# Mexico City - Endless City



## Alejandro_MEX (Aug 23, 2005)

Hello folks:

I would like to share this video with you. The background song is a Mariachi song about Mexico City. I hope you like it.


----------



## Hotu Matua (May 8, 2007)

Endless, fascinating, unforgettable Mexico City.
Nest of hopes and miseries, suns and snakes, the old and the new.

I love you, Mexico City, now and forever.


----------



## Hotu Matua (May 8, 2007)

A city that never ceases to surprise everyone with such an array of contrasts


----------



## Hotu Matua (May 8, 2007)

I have heard people saying
_"Mexico City has everything the world has to offer... problems included"_

Mexico City is, simply put, out of any possible description.


----------



## felipebarros2003 (May 10, 2007)

Beautiful !!!!!!!!!11


----------



## PoLy_MX (May 11, 2007)

:drool: I love when u arrive to benito juarez airport because u can see from the airplane how bigger is the city!!


----------



## bobbycuzin (May 30, 2007)

^^ yeah the first thing that strikes people visiting mexico city is the aerial view from the plane, you literally cannot see where the city ends on any of the horizons


----------



## FROM LOS ANGELES (Sep 25, 2005)

An international "must see" city. More please!


----------



## kids (Dec 12, 2004)

Wow - amazing stuff.


----------



## nestor morales (Feb 1, 2008)

Mexico City is big too much! I couldn't living in it.I 'm customed to live in a city 350.000 inhabitants.Why does it grow that city like this? Mexico City has more people than Chile whole!


----------



## BrickellResidence (Feb 4, 2008)

in the past, in just ten years mexico city boomed from 7 million to 14 million!!!!!
and i believe when we escape mexico city will have a massive economic growth and turn into a world alpha city in the future and slum replacement is taking place right now in mexico city and it could turn into developed status soon.


----------



## eklips (Mar 29, 2005)

One thing I'd like to know and that I have never seen here on SSC is what Mexico city looks like on the ground from an ordinary street. (taking into account that the city must be very diverse).
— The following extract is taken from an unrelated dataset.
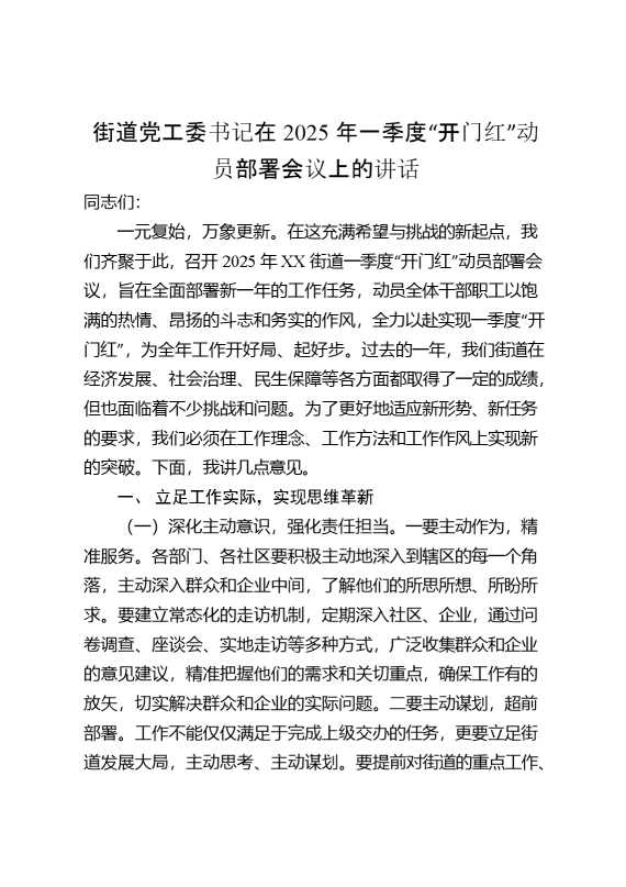 街道党工委书记在2025年一季度“开门红”动员部署会议上的讲话 2025-03-18 Word模板 63 购买前,请一定要先点击这里看看,欢迎持续关注,精彩模板每天推送 预览结束,本文件为word文档,一共10页,共4702字,请购买后,下载后查看 购买前,请一定要先点击这里看看,欢迎持续关注,精彩模板每天推送 资源下载下载价格29 RMBVIP免费升级VIP点击检测网盘有效后购买有任何充值和下载问题请加微信:xuexixuexi66 0 演讲发言

Not beautifull buildings and monuments, the few big and known avenues. 

I mean what you'd see if you take a taxi from one side of the town to the other.


----------



## D.D. (Nov 26, 2007)

^^the biggest slum is located in mexico city... but who cares!!, this is a must see city no matter what.


----------



## eklips (Mar 29, 2005)

Of course, I didn't say that nor judge the place since I've never been there. And I am not elitist, the fact that it has a huge slum doesn't mean it's a "bad city" for me (even if having slums is problematic as it's inhabitants live in dire conditions). But I'd like to know what it looks like, not just looking at views that make your jaws break or buildings with nice architecture.


----------



## BrickellResidence (Feb 4, 2008)

but slums in mexico city is not worse than the asian slums because mexico city slums are concrete but asian slums are made of carton!!!


----------



## elbart089 (Nov 18, 2007)

DFM..Dani said:


> ^^the biggest slum is located in mexico city... but who cares!!, this is a must see city no matter what.


I don't think there are really "slums" in Mexico City, there are just ugly neighbourhoods, but still they all have pavimented streets and it's not like there 4 houses on top of each other.
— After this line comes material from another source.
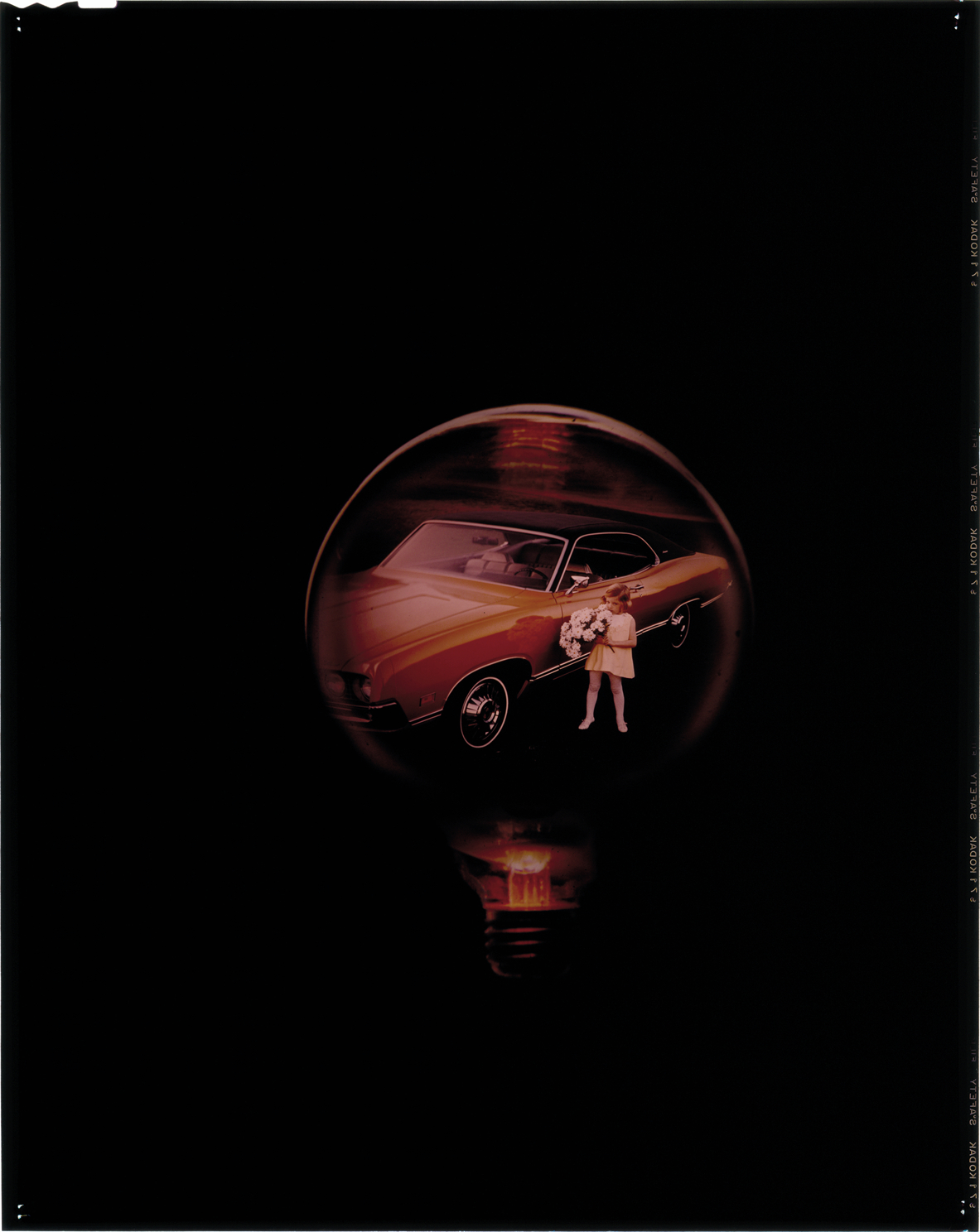 View of a young girl, holding a bunch of daisies, posing with a Ford coupe. Image is superimposed over a lightbulb. Label on sleeve: "Ford Motor Co., Ford advertising, 1970s."

BTW, nothing against beautiful brazil, but werent whe biggest slums of Latin America located in Rio and Sao Paolo?


----------



## BrickellResidence (Feb 4, 2008)

actually rio's slums has about 12 million people!!!


----------



## monkeyronin (May 18, 2006)

brickellresidence said:


> actually rio's slums has about 12 million people!!!
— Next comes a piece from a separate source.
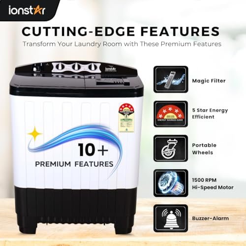 • Ionstar 7.5 Kg Semi Automatic Washing Machine – 5 Star Rated – 2025 – Top Load – Jet Pulsator – Magic Filter – Special Air Dryer – Buzzer – Wheels – Powerful Copper Motor – 1500 RPM (STAR75-AQUA-B)

Rio has 13.5 million people total. So you're saying that 89% of its inhabitants live in slums. Right. :|


----------



## BrickellResidence (Feb 4, 2008)

no thats wat my geography book said that 12 million people live without power and water in rio ????? is that true im not sure maybe 4 or 6 milloin


----------



## 6-6-6 (Jan 14, 2008)

brickellresidence said:


> no thats wat my geography book said that 12 million people live without power and water in rio ????? is that true im not sure *maybe 4 or 6 milloin*


thats more likely.


----------



## BrickellResidence (Feb 4, 2008)

dat video is more likt tokyo or any other wealthy cities


----------



## Phriggin' Ogre (Aug 3, 2003)

good vid


----------